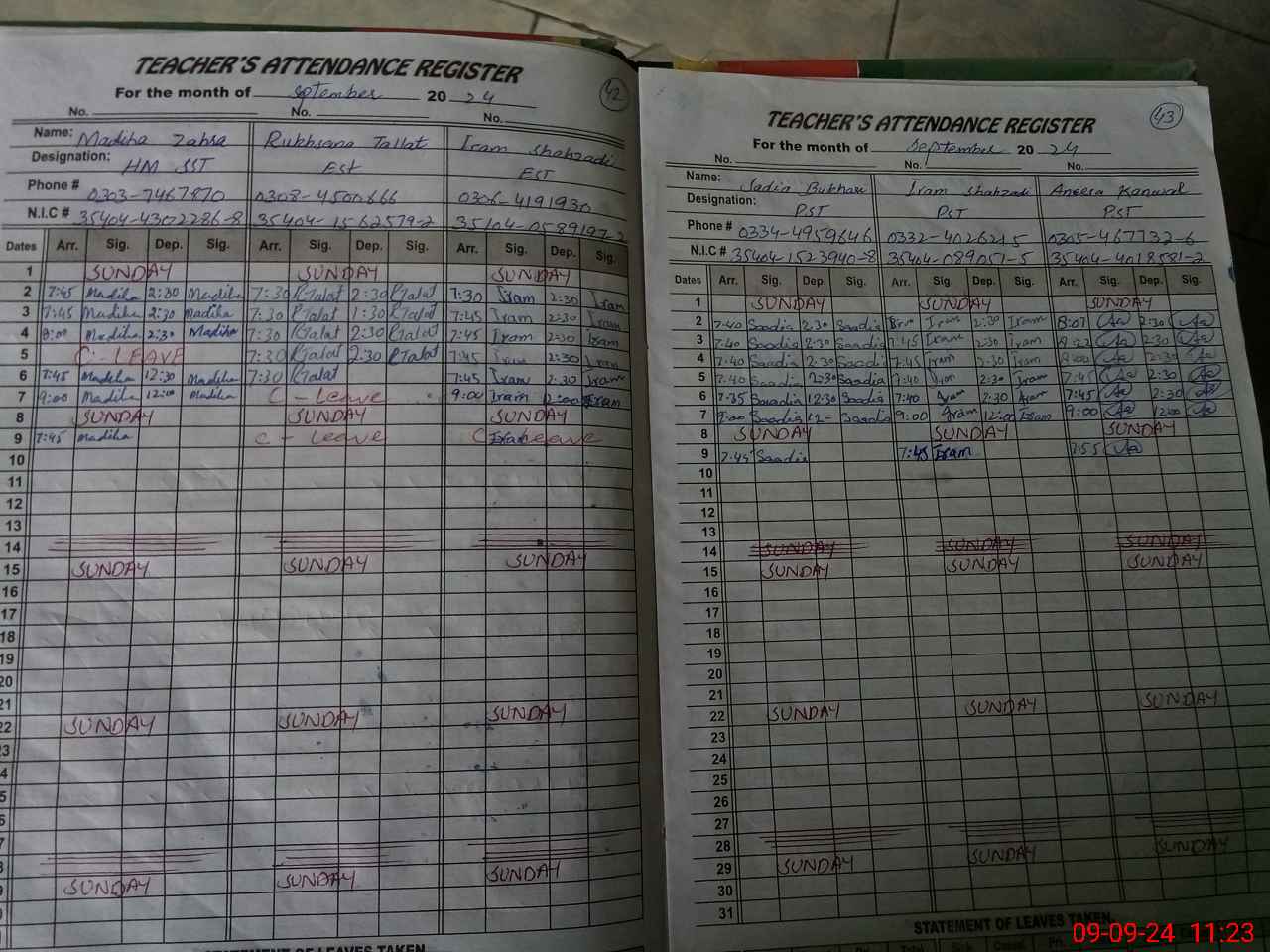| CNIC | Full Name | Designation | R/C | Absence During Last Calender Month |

==

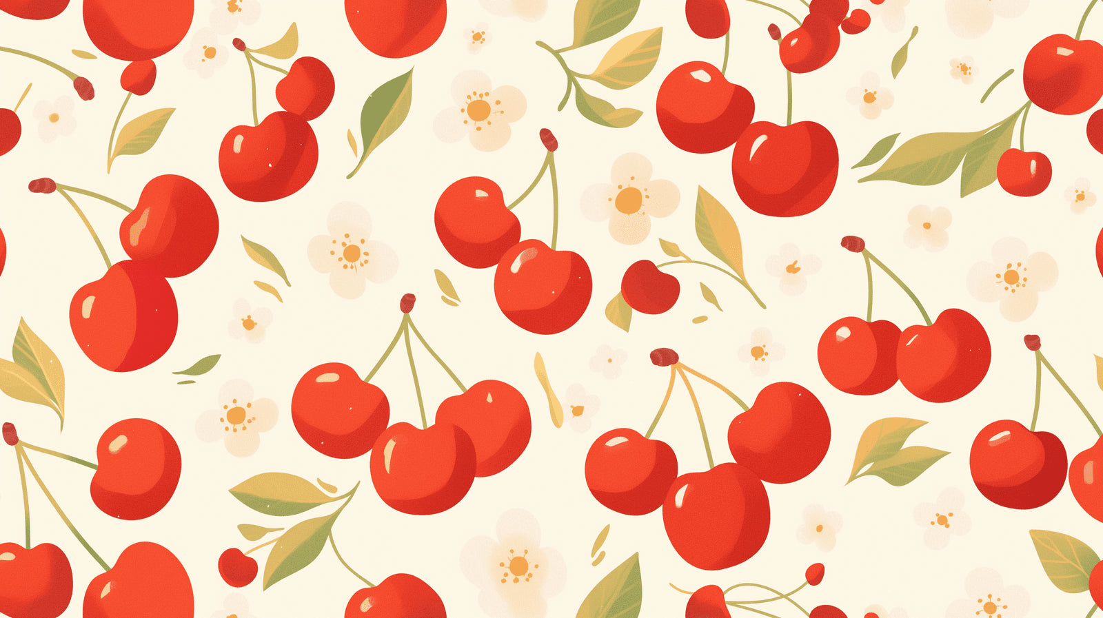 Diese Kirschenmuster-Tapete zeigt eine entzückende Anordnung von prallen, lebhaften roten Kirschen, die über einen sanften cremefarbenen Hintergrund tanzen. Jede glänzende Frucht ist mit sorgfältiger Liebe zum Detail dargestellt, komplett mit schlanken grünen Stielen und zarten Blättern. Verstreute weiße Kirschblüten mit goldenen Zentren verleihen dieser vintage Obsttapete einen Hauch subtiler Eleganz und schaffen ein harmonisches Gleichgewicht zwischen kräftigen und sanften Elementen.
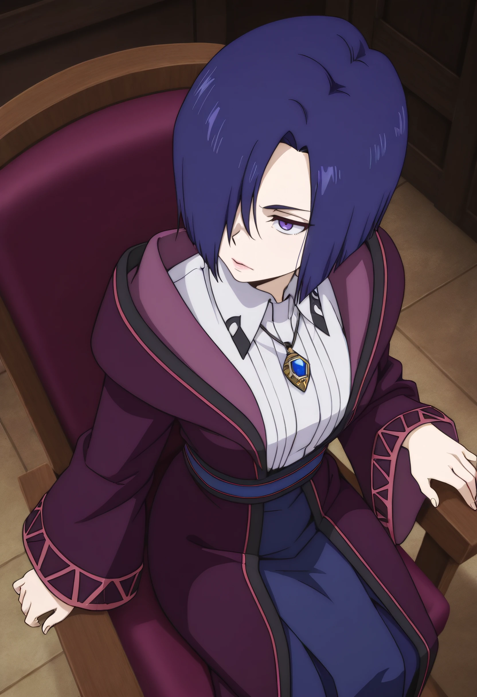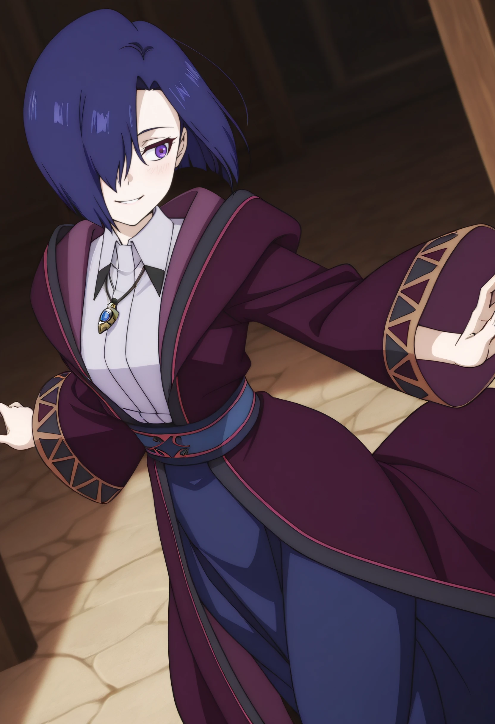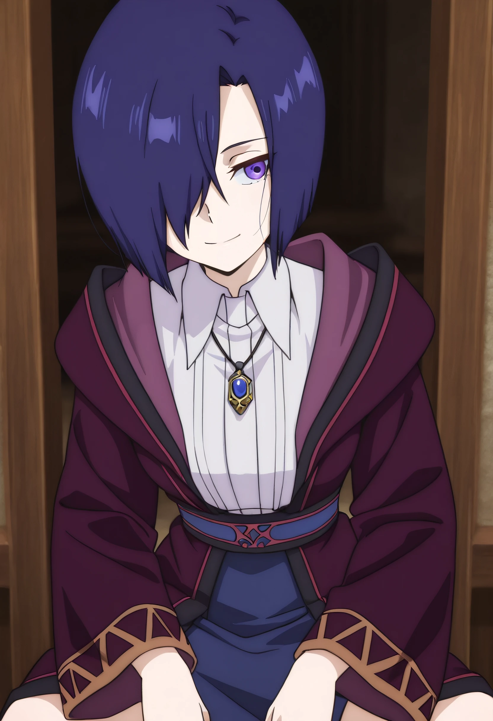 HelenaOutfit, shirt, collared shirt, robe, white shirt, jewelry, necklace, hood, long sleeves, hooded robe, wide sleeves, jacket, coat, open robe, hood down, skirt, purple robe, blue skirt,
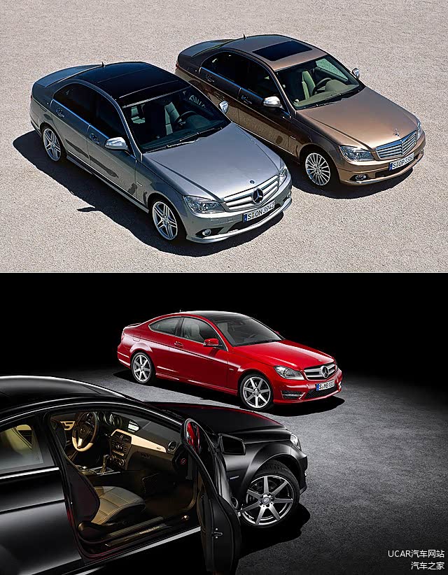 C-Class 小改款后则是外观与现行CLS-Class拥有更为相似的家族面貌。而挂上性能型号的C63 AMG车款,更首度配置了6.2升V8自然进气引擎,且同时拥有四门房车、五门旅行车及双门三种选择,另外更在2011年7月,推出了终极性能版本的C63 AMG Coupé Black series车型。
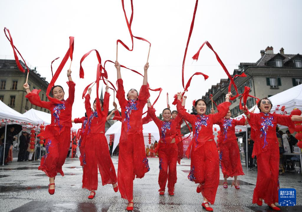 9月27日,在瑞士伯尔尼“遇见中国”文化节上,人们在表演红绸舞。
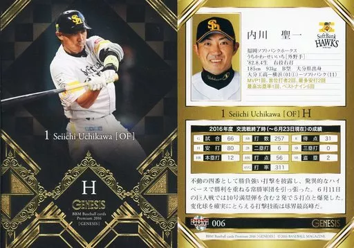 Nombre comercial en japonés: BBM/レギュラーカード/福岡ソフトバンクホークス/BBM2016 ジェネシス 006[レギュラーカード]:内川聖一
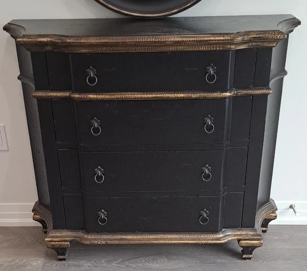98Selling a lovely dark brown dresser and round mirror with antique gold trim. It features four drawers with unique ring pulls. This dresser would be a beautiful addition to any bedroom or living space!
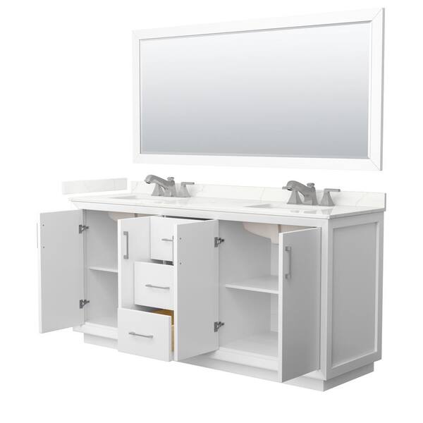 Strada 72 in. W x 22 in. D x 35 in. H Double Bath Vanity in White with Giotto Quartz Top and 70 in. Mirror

YOUR OBJECTIVE:
Between and including the line above that contains "98Selling a lovely" and the line that contains "Strada 72 in.", restate every line word for word. Pictures stay out.

ANSWER AREA:
98Selling a lovely dark brown dresser and round mirror with antique gold trim. It features four drawers with unique ring pulls. This dresser would be a beautiful addition to any bedroom or living space!
 Strada 72 in. W x 22 in. D x 35 in. H Double Bath Vanity in White with Giotto Quartz Top and 70 in. Mirror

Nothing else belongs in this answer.